I can’t stand new development. I get very angry when trees get cut down and old farmland gets paved to make way for giant box stores I will never enter and couldn’t even dent with a shoulder-fired missile. And yet at the same time I feel, a bit guiltily, that I owe a lot to Johnny Appleseed. He (or his myth) made what remains of the Western Massachusetts wilderness into the Eden that it is, where I can wander around ignoring trail signs and topography, picking apples and taking meticulous photographs of mushrooms with no regard for life or limb. I could probably live for weeks in the woods this time of year just on apples. Presuming I didn’t get gunned down by hunters. Without him, or the spirit of agricultural imperialism he exemplified, that wouldn’t be possible. My whole philosophy of existence pretty much wouldn’t be possible.

If only I were Erin Hoffman, I could distill all this verbosity down into a heartwrenching 20-line poem that cuts to the quick, sell it, and maybe put it out of my head.

Instead I’ll spend the next year or so mulling over the tragic extinction of the American tall tale, how the sterilization of popular culture into malls and box stores and wax-coated, nasty, gas-chamber megamart apples has utterly exterminated any earnest belief in the old kinds of myths, and the only way to resurrect them is in clinical laboratory examinations such as this.

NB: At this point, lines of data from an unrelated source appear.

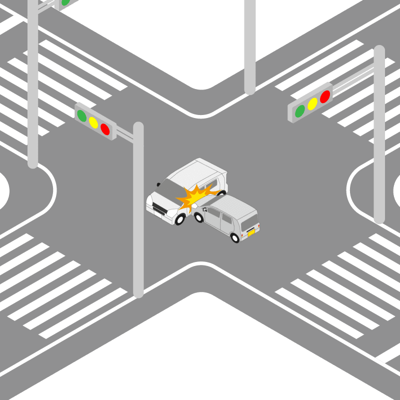 ・イラストに使用している各要素(車、背景、車、天候、信号、衝突地点など)は、代表的なイメージをイラスト化しており、色や形状等含め現実の事故の状況とは異なります。あくまで、事故のイメージとして参考までにご活用ください。
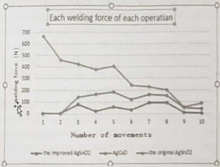 Each material test five groups, 10 closing-breaking operations for each group, and each operation's welding force was measured by a sensor when the contact was broken.
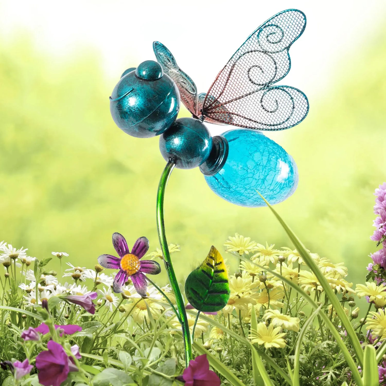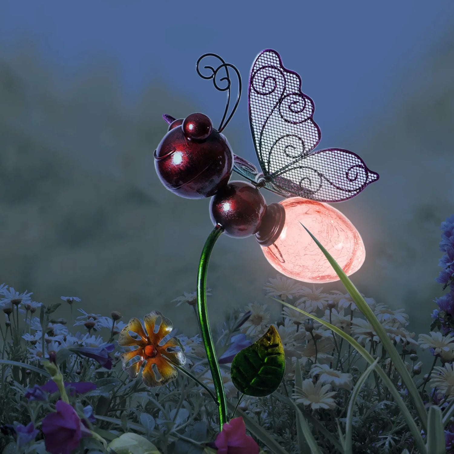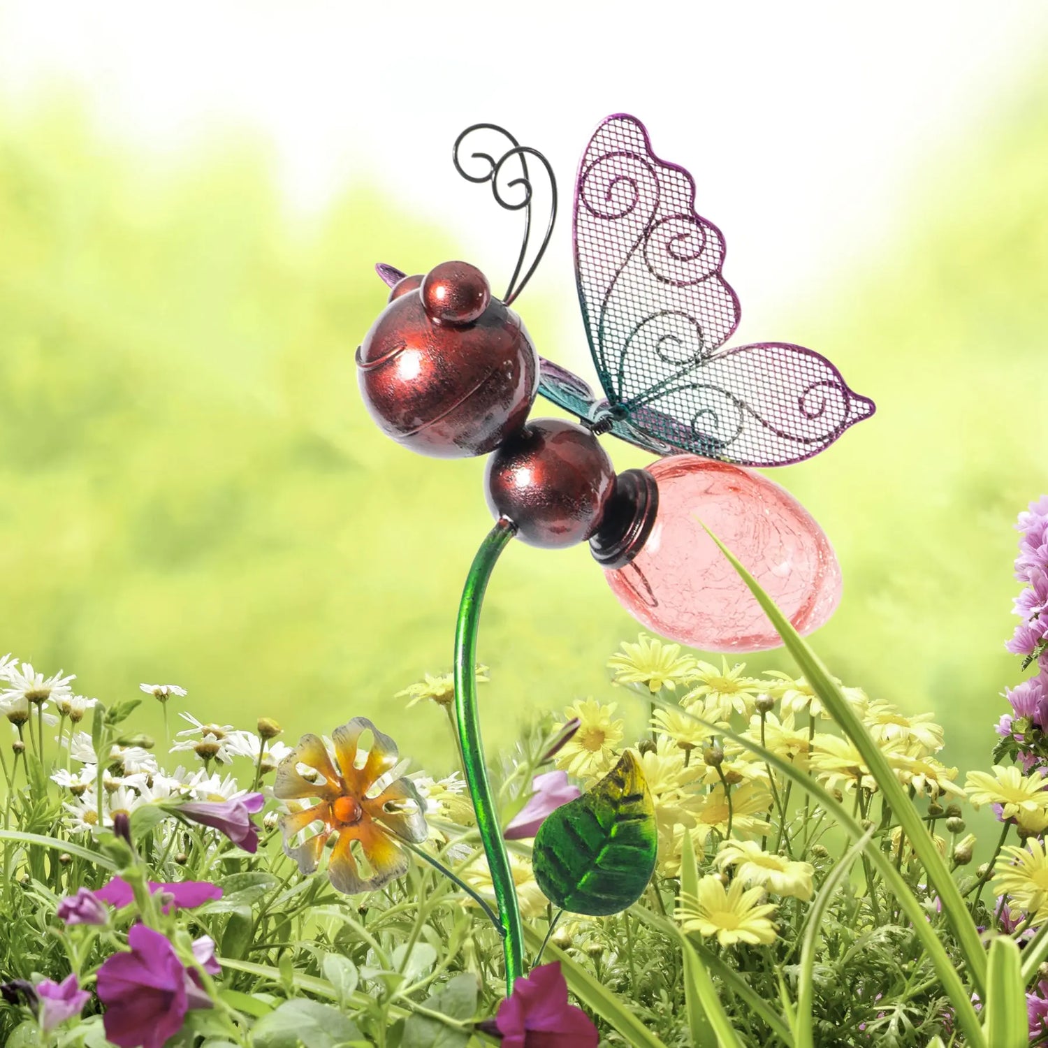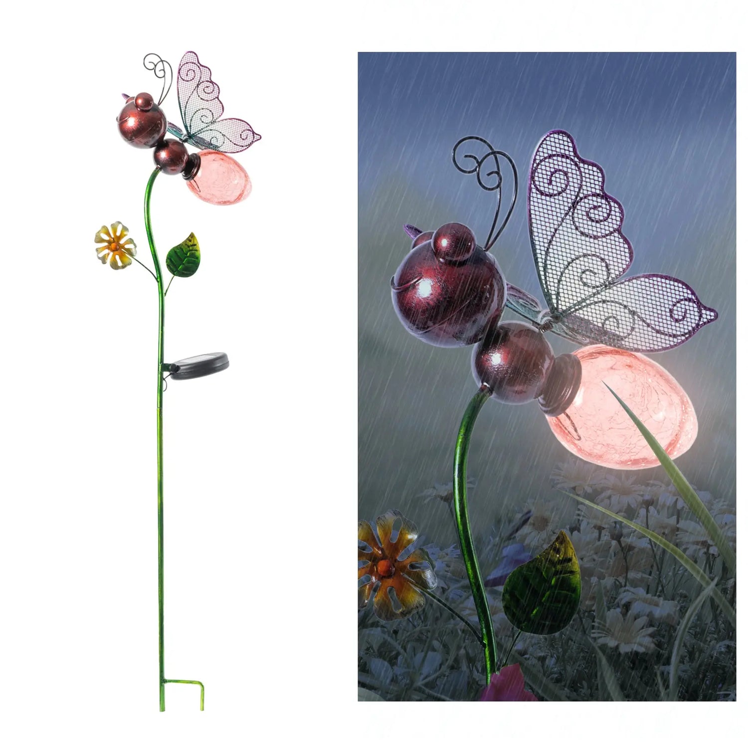 - Elegant Design: Solar Butterfly Garden Stake with colored glass and painted finish.

And maybe, If I’m really lucky, six months after that, I’ll have written a story that touches on these sad notions briefly in passing and ultimately fails to do them justice.

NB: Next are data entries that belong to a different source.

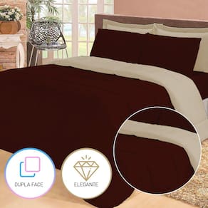 Jogo de Cama Queen com Edredom Lençol Fronha Função Cobre Leito e Cobertor - Marrom
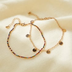 Make a dainty statement with this pack of anklets. It includes a stone embellished anklet and a chain anklet with disc charms. These anklets come with a lobster clasp.
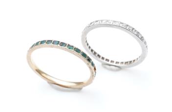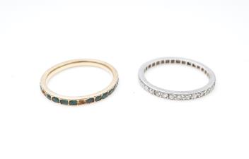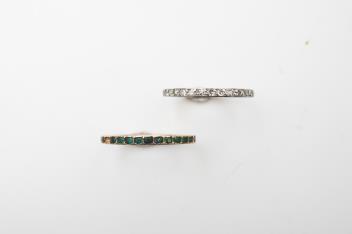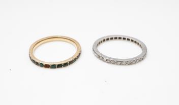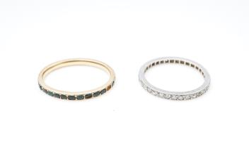 Two eternity rings, early 20th century, comprising: an Art Deco ring designed as a continuous band of single-cut diamonds totalling approximately 0.60 carats, mounted in platinum, size N1/2, faintly numbered; and another eternity ring set with green pastes, mounted in closed gold settings, size M, 3 stones deficient

  1. Very thoughtful post. I can see how those books shaped a lot of who are you and what you like to write/read. Thanks for reminding me what a special place New England is, I do miss it.

    One point about Johnny Appleseed I sometimes wonder about is the religious aspect. I’ve read some interesting things about the Swedenborgian religion. But sometimes I wonder if Johnny was just a zealot. Apples instead of brochures. Ultimately though I do come down on the side of he was probably cool about it all. Living a good life as example, that kind of thing.

    1. Yeah, it’s hard to know what the real guy was like, but you’re right, on paper he seems like he could easily have been quite preachy and annoying. Possibly he could have been a fascinating dude, just someone I wouldn’t want to hang out with. Zealots are pretty interesting when they spout something other than the usual regurgitated dogma.

      But I was more thinking about the myth of Johnny Appleseed here anyway—I imagine that book…which thanks very much for finding, by the way…didn’t much concern itself with the fact that his name was Chapman and he preached the Word and only built these orchards with the intent of fomenting a small empire of chain apple orchards. Che Guevara was something of a dick (to put it lightly), but his legend looms large. And that presents a whole other set of problems of its own. But the phenomenon of the folk hero, when it gets far enough away in time, becomes really intriguing to me as a separate entity, almost entirely divested of its basis in fact.